The other five men suffered a starvation diet, their health rapidly deteriorating. One died. A year later the four survivors began to receive a slight improvement in their treatment. The Japanese gave them a single copy of the Bible, which DeShazer had never read. DeShazer waited six months to have his turn to read it. He read it cover to cover more than a dozen times. DeShazer credited his survival to accepting the Gospel of Jesus Christ from that lone Bible.
In 1948, DeShazer was sent back to Japan to testify in war crimes trials of his captors. He stayed for thirty years, preaching the Gospel around Japan. He established a church in Nagoya, the city he had bombed.
One man who learned of DeShazer’s witnessing was named Mitsuo Fuchida. Fuchida had converted to Christianity in 1949 and met DeShazer the next year. Fuchida became an evangelist, preaching in Japan and over much of the world. He lived a few years in the United States before retiring in Japan.
Do you recognize the name, Mitsuo Fuchida? On December 7, 1941, he had commanded the air armada that attacked Pearl Harbor. In 1952, after becoming an evangelist, he said in an interview, “Christianity has opened my eyes, and I hope through Christ to help young people of Japan” to learn to love their former enemy, America. Speaking in 1959 at Memorial Baptist Church in Brooklyn, he said that after the war he had observed American missionaries in Tokyo feeding the starving and teaching the “ways of Christ.” Such forgiveness, he said, made him want to know more of the Christ “they professed to love.” One of his talks was called “From Pearl Harbor to Calvary – My Testimony.”
Mitsuo Fuchida and Jacob DeShazer |
Mitsuo Fuchida, who had bombed Pearl Harbor, died in 1976. The man who had bombed Nagoya, tortured POW Jacob DeShazer, conducted his funeral in Japan.
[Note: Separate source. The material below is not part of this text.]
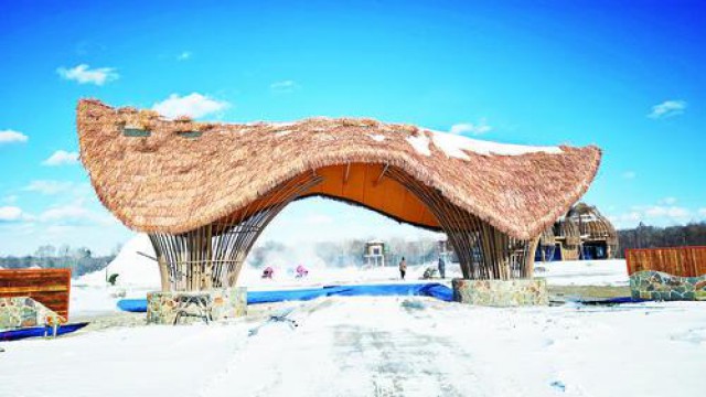 入冬以来,我州“冰雪热”不断升温,呈现一派欣欣向荣的冬季旅游发展新景象。安图县奶头山村投入300余万元打造冰雪乐园项目,并升级了雪上娱乐项目,采购100余台雪地摩托车,为游客提供更好的玩冰戏雪新体验。 图为别具一格的冰雪乐园入口。
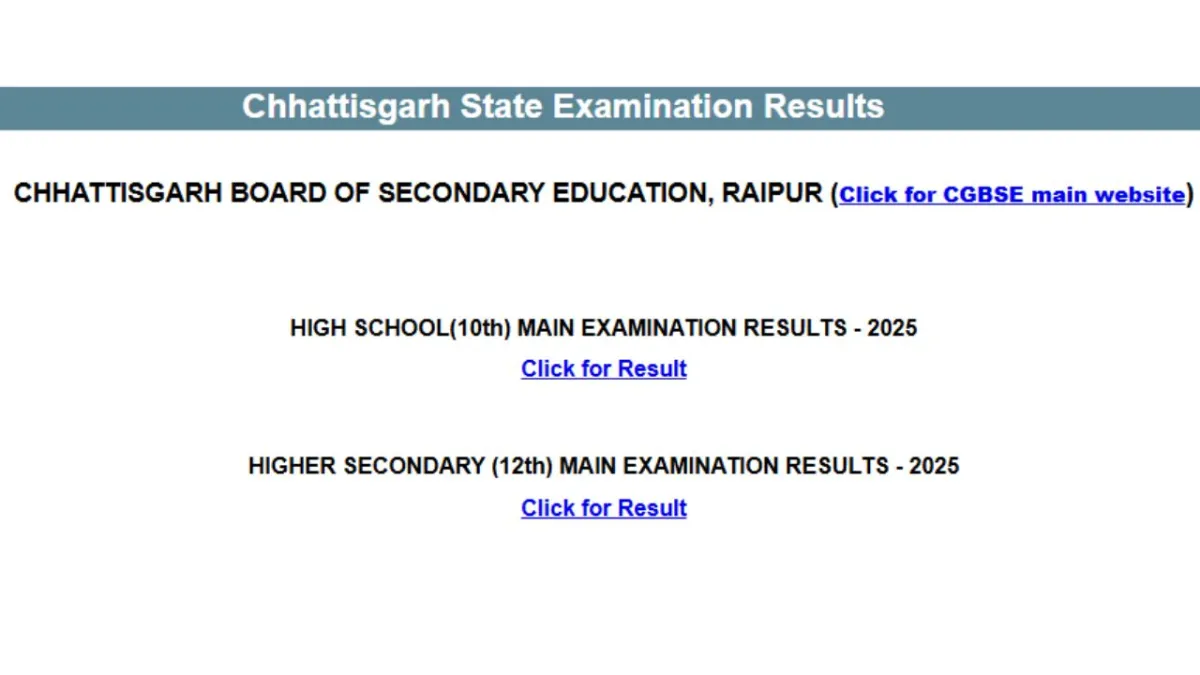 The Chhattisgarh Board of Secondary Education (CGBSE) has announced the CG Board CGBSE 10th, 12th Result 2025. Students who appeared in the 10th and 12th exams for the academic year 2024–25 can download their marksheets using their roll number, date of birth and other details on the login page. The CGBSE Higher Secondary Result 2025" or "CGBSE High School Result 2025 links have been activated on the official websites, cgbse.nic.in and results.cg.nic.in. Students can check their results by entering key information in the login fields. This year, CGBSE Class 10 exams were held from March 3 to 24, 2025, while the Class 12 exams took place from March 1 to 28, 2025.

In October 1999, some American and Japanese veterans of the battle of Pearl Harbor went to Kyushu, where is the port from which the Japanese fleet had sailed to make the attack. The site is now a peace park. These men, once mortal enemies, gathered to plant cherry trees in honor of their reconciliation. Richard Fiske, who survived the sinking of USS West Virginia, said that as the trees grow, they hoped children would understand what the trees and the park represented, “because,” he said, “if we don’t tell our little ones, our future is none. We give ourselves to them. They carry the future.”
Let us pray:
Gracious God, we come before you as part of your global family, thankful for your generous love and abundant blessings. May we honor your holy name by living up to the inheritance of your salvation, as we bear the name of your son, Jesus Christ our savior, with passion for his work of reconciliation of all the world.
May your vision of peace and justice be realized and enacted among nations finally at rest from war, among families at peace with each other, and hearts that find their rest in you. Lead us to that day when every tear is dried, every life is fulfilled and the law of love is written on our hearts.
We thank you, Lord, for the lives of all those whose sacrifices have made our freedom possible. We beg your grace for our country and your wisdom to guide each of our citizens. Let us not squander the freedom we have been given by those who died to preserve it.
Remove from human beings the arrogance of power, our trust in anger, our reliance on weapons, and our love of violence. Chasten us with humility and strengthen our trust in you. Make us agents of your peace in all places. Amen.